The silence was immediate and everyone turned to stare at him. He studied them all and then fixed his attention on Mrs. Jakes and Jenson who appeared to have had some confrontation recently. “What has happened? Were you attacked?”
“We were, sir,” said Jenson. “Augusta came here shortly after you left to help save Geoffrey. We tried to stop them but I was shoved along while Mrs. Jakes was grabbed by Mrs. Augusta and had a pistol shoved in her back. She and one of her men dragged us in there and she confronted Lady Primrose.”
“Her ladyship was very brave but no match for the man and he was a scurvy sort of fellow. She almost got free and ran for the other door. It leads into the garden, sir, and she was so close to escape but the man caught her and pulled her back inside,” said Mrs. Jakes.
“And they took her?”
“They did soon after that.”
“Did they say where they were taking her?”
“To the church.” Mrs. Jakes wrung her plump, work-worn hands. “That horrible little man has come after her and that woman means to give her to him.”
“The pastor would perform a marriage she so clearly does not want?”
“I suspect he would, Bened,” said Simeon, “if Augusta played her usual game. The man has a pretty little wife and a few children. Young ones. One born only a few months ago. And, if I might ask, what made you come back?”
“Because I intend to ask your sister to marry me. So, I suppose we better hurry and get her back so that she is not forced to marry anyone else.”
“Since I am now the baron, should you not be asking me my permission to ask for her hand?”
“I just did,” said Bened as he started back to the front of the house.
“No, you told me.” Simeon ignored Lilybet who was yanking on his coat sleeve. “Not the same thing at all.”
“I do not intend to marry you so why ask you. Just told you my intentions. Now I will see if she has any urge to say yes.”
“But . . .”
“Simeon,” snapped Lilybet. “How old is Primrose?”
“Oh, so just because she is on the shelf, I should accept this fellow’s arrogance?”
“On the shelf?” Bened shook his head. “Gentry. You are all mad. Lady Primrose is young, healthy, and pretty but because she is at a certain age she suddenly becomes on the shelf like some china bowl one has forgotten to dust?”
Simeon glared at Bened’s back as the man swung up into his saddle. He quickly mounted his horse as the others did theirs. Without another word they all headed for the small stone church at the far edge of the town.
Just out of sight of the church, Bened signaled everyone to tether their horses and approach the building as quietly as possible. His heart was tight with concern for Primrose. She had fled her home to get away from this man and yet Augusta had found a way to get her to the altar. With Bevan’s assistance he quickly silenced two men guarding the doors to the church. Quietly he and the others began to slip inside. Seeing Primrose being held in front of the altar by a tall, thin, yet obviously strong man, Bened frowned, aching to make the man pay dearly for handling her so roughly.

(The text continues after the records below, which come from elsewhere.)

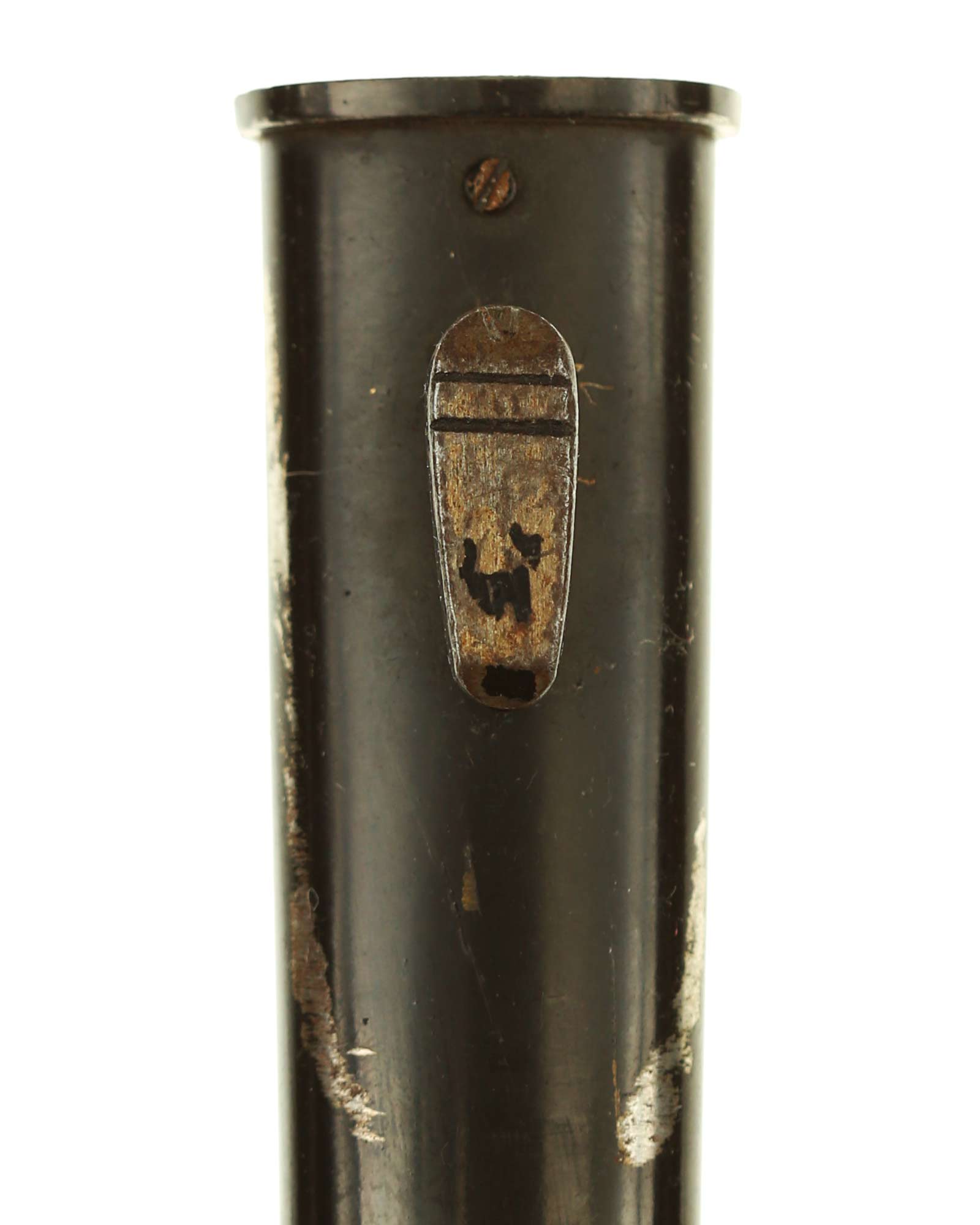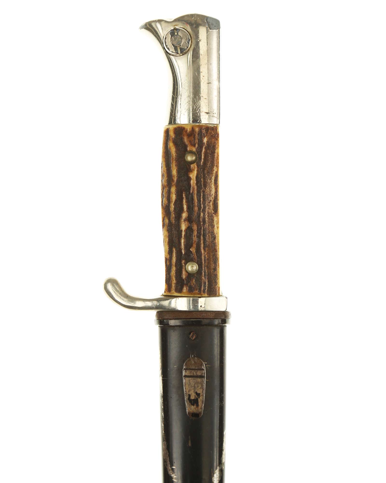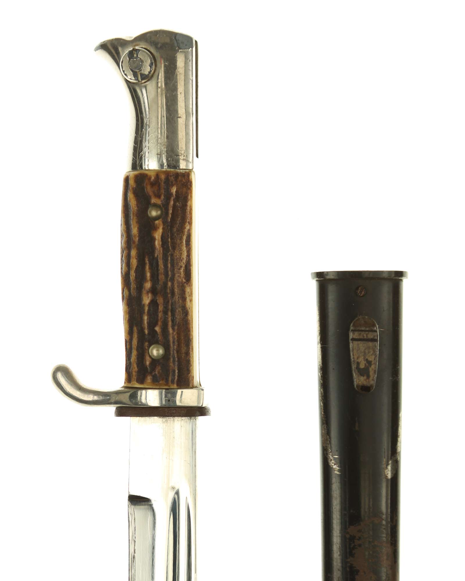 Парадный (внестроевой) штык к винтовке Маузер с рукоятками из рога оленя. Клинок никелированный. На пяте клинка имеется клеймо известного производителя - Puma Solingen, клеймо немецкой фирмы «ПУМА» Золинген. Элементы рукояти также никелированные, щечки изготовлены из рога. Ножны металлические, выкрашенные в черный цвет.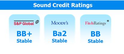 而这一点标普、穆迪、惠誉三大国际评级机构也给予了肯定,它们对于金鹰商贸的信用评级均调整为稳定,其中标普在去年11月份调整为BB+。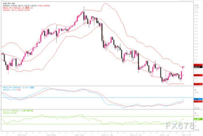 周一(2月6日)美元兑日元继续大幅上挺1.11%,盘中最高触及132.90,收盘于132.63。稍早《日经新闻》援引不具名政府和执政党消息人士报导,日本政府已经就央行副总裁雨宫正佳接替黑田东彦担任央行总裁一事征求了意见。雨宫正佳一直被认为是央行总裁职位竞争者中最鸽派的,这打击了日本央行政策正常化将在新总裁领导下取得进展的希望。叠加近期美国强劲非农数据所带来的冲击,日元近日走软较为剧烈。4小时图上美元兑日元出现超买迹象,或会出现短线小幅调整机会。但日线图上,则显示出较强的美元买盘迹象,上方关注133.35附近的阻力,若破位则可能威胁135前期较为密集交易的水平。当前,下方重新试低的概率似乎不大。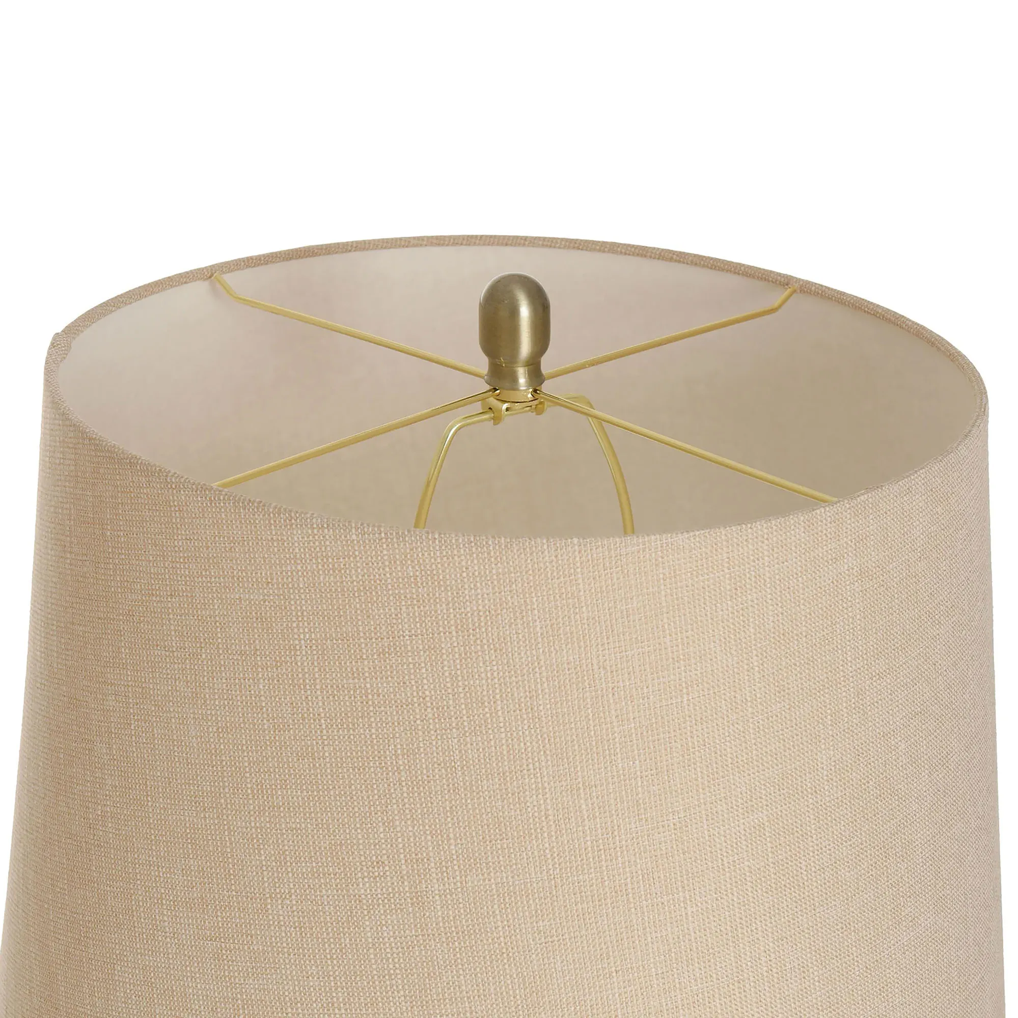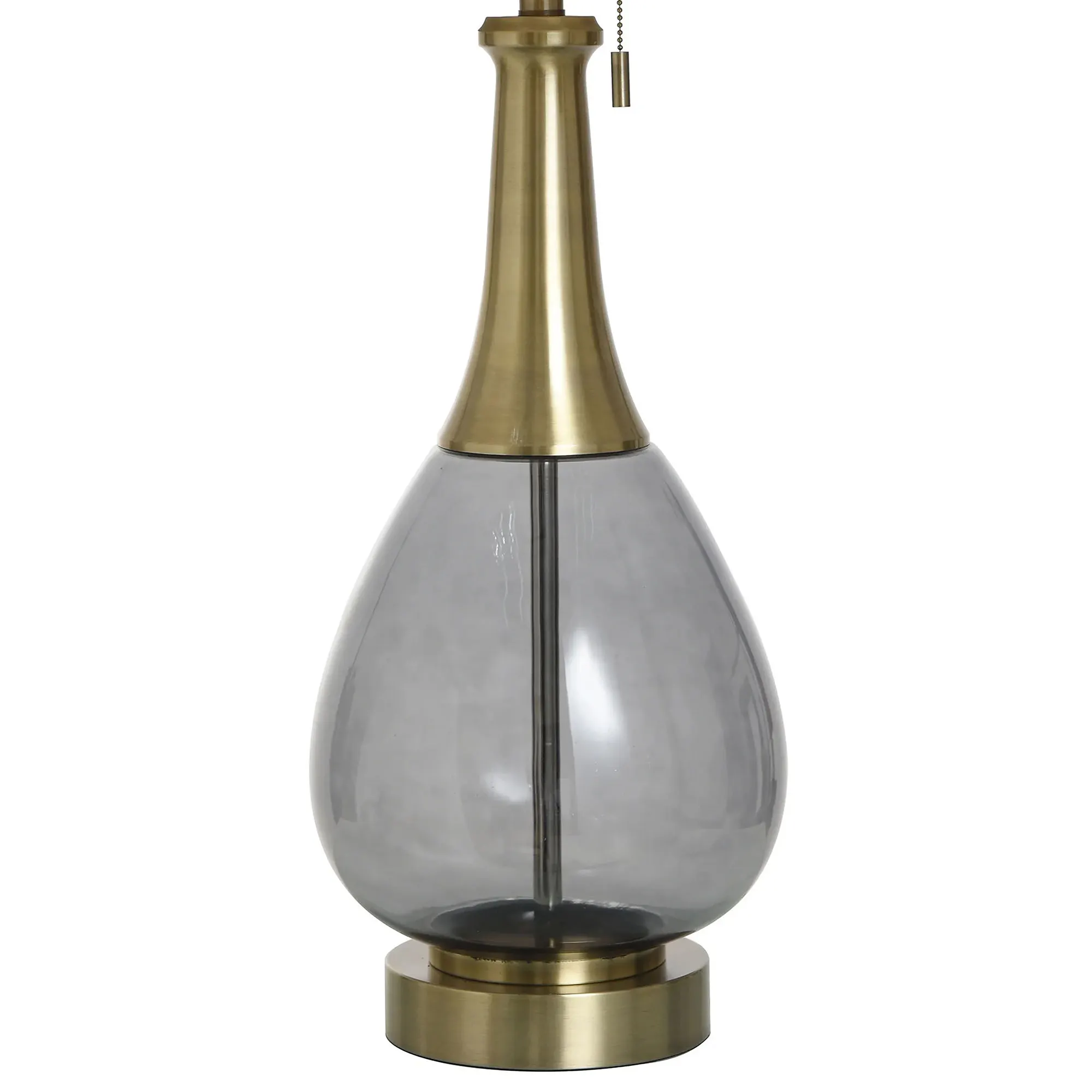 Charm shapes the Stockton Gray Table Lamp with an alluring grace. Mounted on a round, brass-finished steel base, the unique font features translucent gray glass with a shaped bottleneck brass topper. A beige, cotton/polyester shade and 1.5"H brass finial add stylish complements. UL listed. Requires a 100W max. bulb that operates via the pull-chain illumination. Overall, the table lamp measures 18"dia.x37"H.

Then he had a good look at the man Augusta wanted Primrose to marry and shuddered. The man was short, spindly, covered in age spots and, if he guessed the reason for the beauty spots stuck on his sunken cheeks, sores caused by the end time of the pox. Augusta had chosen a particularly nasty way to make sure her niece died. And because of the banishment from society the man had suffered, there would be no finding someone to help her after she became Sir Edgar’s wife. She would also find herself utterly ostracized.
Bened and the others were just creeping down the aisle when the man punched Primrose right on the side of the head. She was just falling to the floor when someone shot the man but Bened paid no heed to that. He went straight to her side. In his opinion, whoever had shot Sir Edgar, that someone had been doing the world a service, as well as saving Sir Edgar the pain of dying of a particularly nasty disease.
Lilybet beat Bened to Primrose’s prone body by a heartbeat. She checked over her friend, then fought to hide the startling knowledge that came to her. Lilybet met Primrose’s gaze and knew her friend was aware of her condition but was keeping it silent so she just nodded. A glance at the dead man sprawled far too close to Primrose made Lilybet a little ill. She breathed a sigh of relief when the men hastily removed it.
Primrose groaned. She began to sit up but hands held her down. For a moment she struggled thinking it was her aunt’s men or Sir Edgar, a man she did not wish touching her no matter how injured and unsteady she might be. Then she saw that it was her friends and Simeon leaning over her.
As she let Lilybet help her sit up, she put her head in her hands in the vain hope of easing the ache there. Out of the corner of her eye, she caught a movement. Augusta was trying to do something without being seen.